The circuit judge who heard the suit in Wayne county received briefs on this problem and entered a formal opinion which accurately stated the general rule pertaining to the evidence required, thus:
"The burden of showing that he was not served with summons in the New York court falls on the defendant. There is a presumption in favor of an officer's act, and that his return is true. Therefore, the burden does fall upon the person who attacks it to show clearly and convincingly that the return is false. The rule is well stated in the case of Clabaugh v. Wayne Circuit Judge, 228 Mich. 207, where it was said (p 211):
"`That the party attacking an officer's return has the burden of overcoming the verity which attaches to the unqualified official return of an officer acting under his official oath to the satisfaction of the court required to determine the fact, there can be no doubt.'
"Generally the courts have hesitated to set aside a process on the claim of the defendant alone that he was not served. In the case of August v. Collins, 265 Mich. 389, the court rejected the naked claim of the defendant that he was not served with process, and stated (p 395):
"`Collins' claim that he had not been served with process rests upon his positive denial of service and his uncertain relation of circumstances, some of which were told him by his wife. There was no corroboration. In a direct attack upon the judgment, corroboration would have been necessary to impeach the return of service.'
"In Alpena National Bank v. Hoey, 281 Mich. 307, it was held (p 312):
"`The security of judicial proceedings demands that the showing to impeach an officer's return of service of process shall be clear and convincing, Garey v. Morley Brothers, 234 Mich. 675, and with substantial corroboration of a defendant's denial of service, August v. Collins, 265 Mich. 389.'
"Plaintiff, from the foregoing citations, contends that more than the naked claim of denial of personal service must be made by the person who asserts lack of personal service."

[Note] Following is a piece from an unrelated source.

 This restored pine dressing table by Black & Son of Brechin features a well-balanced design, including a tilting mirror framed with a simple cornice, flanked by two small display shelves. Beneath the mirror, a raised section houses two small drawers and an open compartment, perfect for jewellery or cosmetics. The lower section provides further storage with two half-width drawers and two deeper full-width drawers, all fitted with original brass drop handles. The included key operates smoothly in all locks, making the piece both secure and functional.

The trial judge, with these principles in mind, proceeded to determine as a matter of fact that there had been no personal service upon defendant-appellee, and that the New York judgment was invalid for want of jurisdiction. Reciting that defendant, on the witness stand before him, "not only denied service but [also] denied any knowledge of the judgment being entered until the case was started in Detroit," he characterized the testimony of the defendant as "clear and convincing."

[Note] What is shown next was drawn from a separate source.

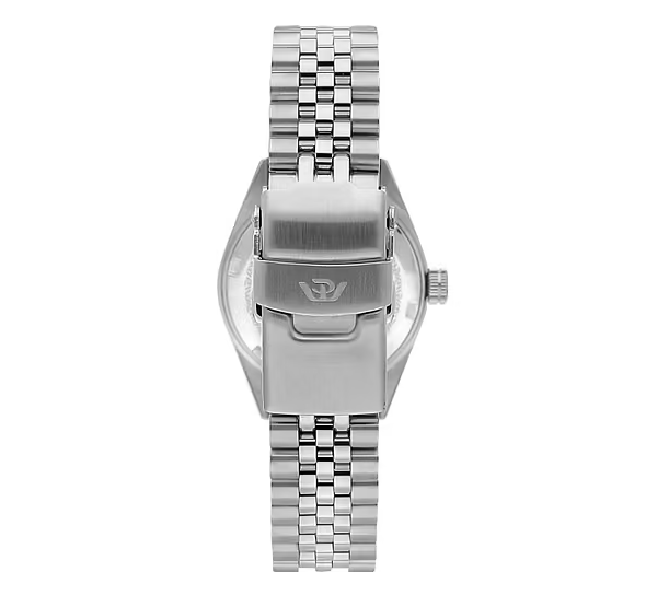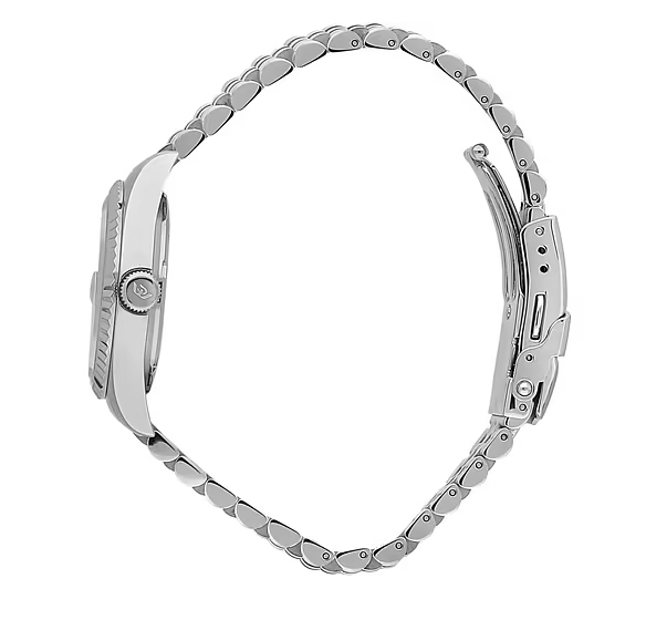 La cassa in solido acciaio, con finitura satinata e colore rosa, custodisce un quadrante protetto da un durevole vetro zaffiro. Il bracciale in metallo color argento consente una vestibilità gradevole e ben salda, grazie alla fibbia deployment con sicurezza a spinta laterale.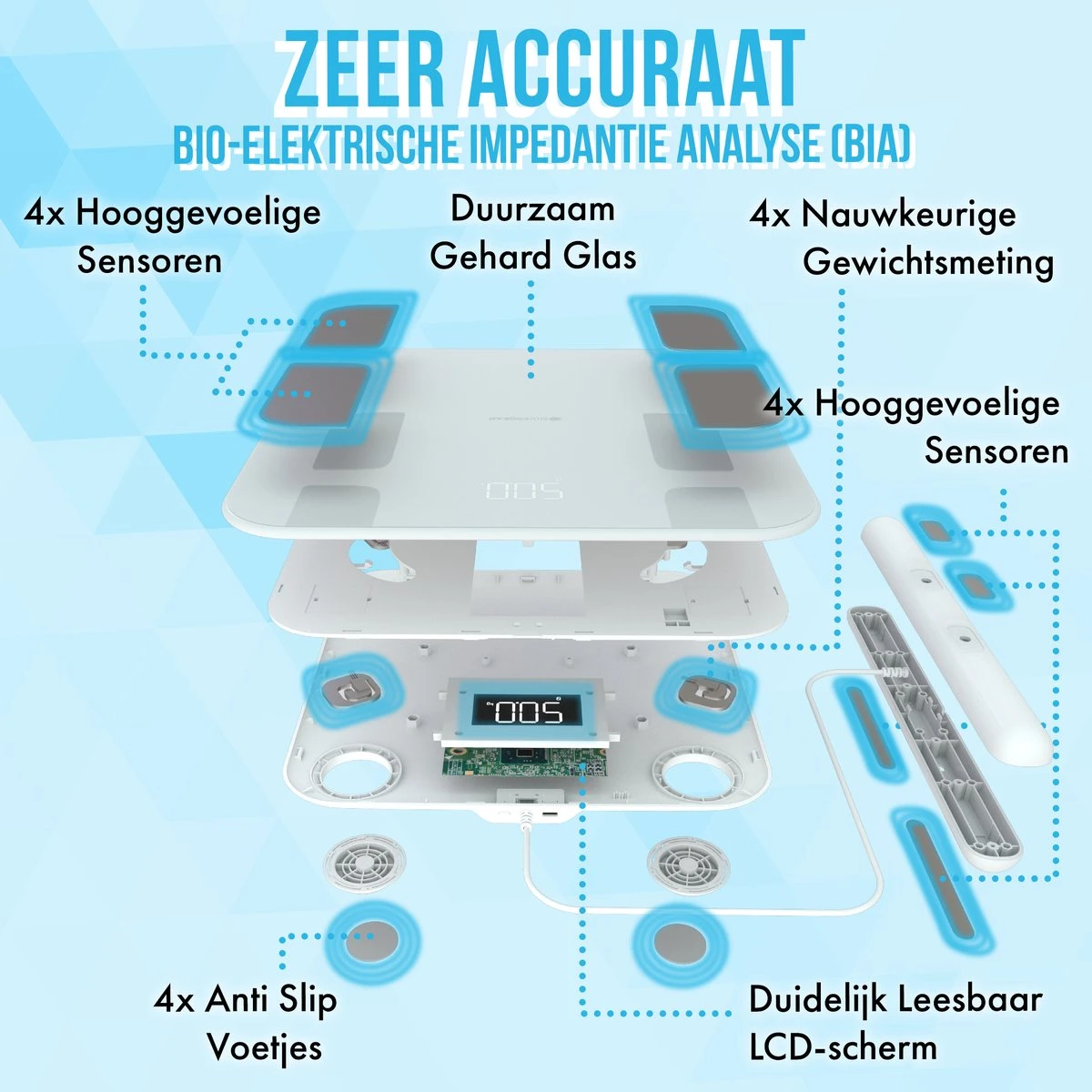 - 8 sensoren (in plaats van 2 of 4 zoals meeste smart scales)

Plaintiff-appellant in this matter relied entirely upon the certificate of service and judgment. We are confronted, on the contrary, by the strong and unequivocal finding of fact of the judge who heard the case.
We note that there is no address beyond the name of the town given on the proof of service as to where service was had.
In addition, there is the unrefuted and unexplained lengthy delay in any attempt to enforce the judgment.
Confronted by a somewhat similar record, the supreme court of Wisconsin affirmed a trial judge's finding of want of jurisdiction for enforcement of an Illinois decree, with these words:
"Any circumstantial evidence worthy of consideration in support of the denial of service by the interested party, will suffice to make the denial prevail over the return, providing, of course, that the trial judge so considers." Mullins v. LaBahn, 244 Wis. 76, 83 ( 11 N.W.2d 519).
Affirmed. Costs to appellee.
DETHMERS, C.J., and CARR, KELLY, SMITH, BLACK, VOELKER, and KAVANAGH, JJ., concurred.